Las consideraciones precedentes sugieren que una estrategia más fructífera para el cambio del docente consiste en implicarlos en la investigación con su propia clase sobre la enseñanza y el aprendizaje de la ciencia. Los docentes deberían así ser los miembros principales de equipos autónomos involucrando investigadores e innovadores en la enseñanza de la ciencia.
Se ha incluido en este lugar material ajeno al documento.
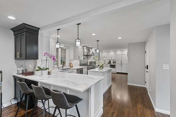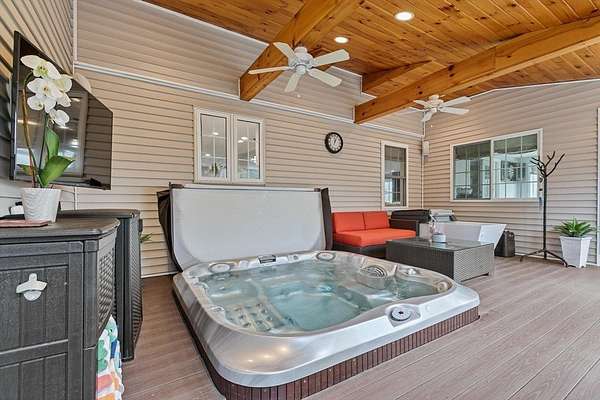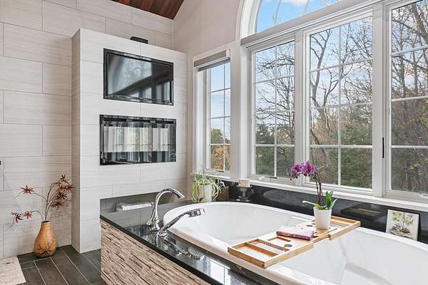 Discover your dream home at 12 Cameron Way, a stunning blend of sophistication, comfort, and resort-style living. This beautifully updated home features exceptional craftsmanship and an outdoor oasis with a heated gunite saltwater pool, waterfall, cabana, & hot tub on a screened-in deck overlooking a private yard. The open-concept main level includes a formal living room, family room with oversized fireplace, and game room. The chef's kitchen boasts quartz countertops, Sub-Zero & Wolf appliances, and custom cabinetry. Upstairs, the luxurious primary suite features a spa-like bath with fireplace, steam shower, and soaking tub, three additional bedrooms, two baths, laundry, and office. The third level offers a private office/lounge, and the finished basement adds a custom built in mudroom off the oversized 3 car garage, gym, TV room, 3/4 bath, laundry, & walkout access. Extras: generator, central vacuum, sprinkler system. Offer Deadline Tuesday, November 18th at 1:00PM.

Tal estrategia tendría las características siguientes:

4.1.- Ser concebida en relación estrecha con la práctica de enseñanza misma, como una manera de tratar los problemas de enseñanza / aprendizaje planteados por este tipo de práctica.

4.2.- Favorecer la experimentación de proposiciones innovadoras y explicar la reflexión sobre la enseñanza, cuestionar el razonamiento y el comportamiento de una enseñanza “espontánea”, es decir, cuestionar el carácter “natural” de “lo que siempre fue hecho”.

4.3.- Ser concebida para:

- Asociar a los docentes a la investigación y a la innovación relativas a la enseñanza de las ciencias y al trabajo que de ella se deriva.

- Implicar a los docentes en la construcción de cuerpos de saberes específicos de la enseñanza de la ciencia y asociarlos a la comunidad científica de este dominio.